Restate, exactly and without pictures, the lines from the start of the listing below through the line holding "Gambar 1. Pemberian".

(GIVEN INFORMATION Opens)

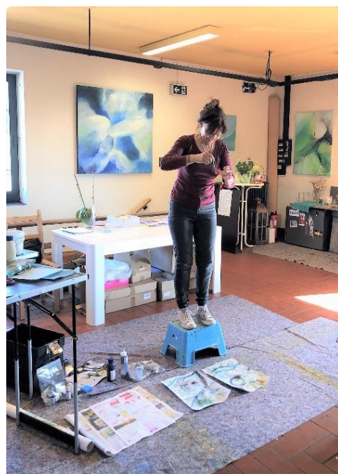
Kurseinblicke; einfach Sein und Experimentieren
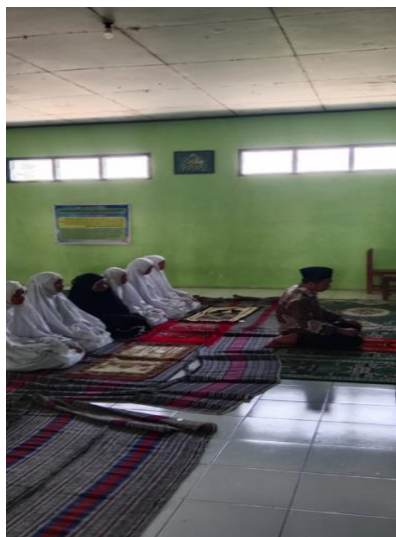
Sholat Dhuhur Berjama'ah
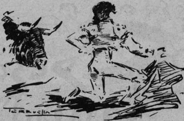
Belmonte rematando un quite

le hizo un faénón de dominio y adorno, como contestación sin chulerías, a algunos protestantes analfabetos en tauromaquia. Tuvieron estos que plegar velas y adherirse a la imponente ovación que cuajó al caer el toro tras unos pinchazos y media en su sitio.
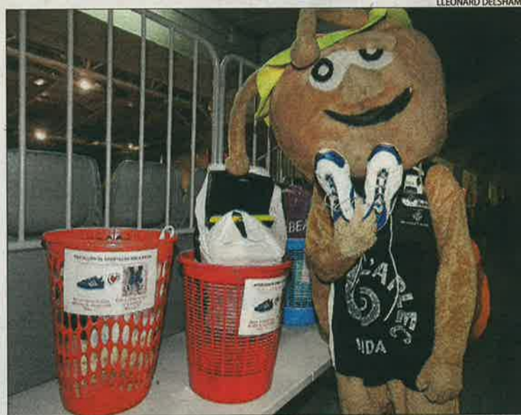
Durant el partit es va fer una recollida solidària de sabatilles.
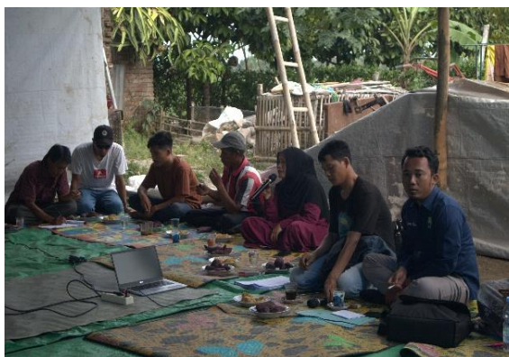
Gambar 1. Pemberian Materi Manajemen Administrasi Kegiatan

Tim Pengabdian juga menekankan urgensi pencatatan tamu melalui buku tamu, yang memiliki fungsi strategis dalam mendokumentasikan identitas individu atau pihak eksternal yang pernah melakukan kunjungan ke kelompok. Selain mencatat data pengunjung, buku ini juga memuat kesan dan saran yang dapat dijadikan umpan balik konstruktif dalam pengembangan kelompok. Di samping itu, dijelaskan pula pentingnya penggunaan buku notulen rapat, yang disusun oleh sekretaris kelompok untuk merekam seluruh hasil rapat secara sistematis. Informasi yang tercantum dalam buku notulen
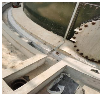
污水处理罐区围堰
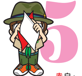
第5原画 赤白・ 上で交差

(GIVEN INFORMATION Closes)

= RESULT OF THE TASK =
Kurseinblicke; einfach Sein und Experimentieren
Sholat Dhuhur Berjama'ah
Belmonte rematando un quite

le hizo un faénón de dominio y adorno, como contestación sin chulerías, a algunos protestantes analfabetos en tauromaquia. Tuvieron estos que plegar velas y adherirse a la imponente ovación que cuajó al caer el toro tras unos pinchazos y media en su sitio.
Durant el partit es va fer una recollida solidària de sabatilles.
Gambar 1. Pemberian Materi Manajemen Administrasi Kegiatan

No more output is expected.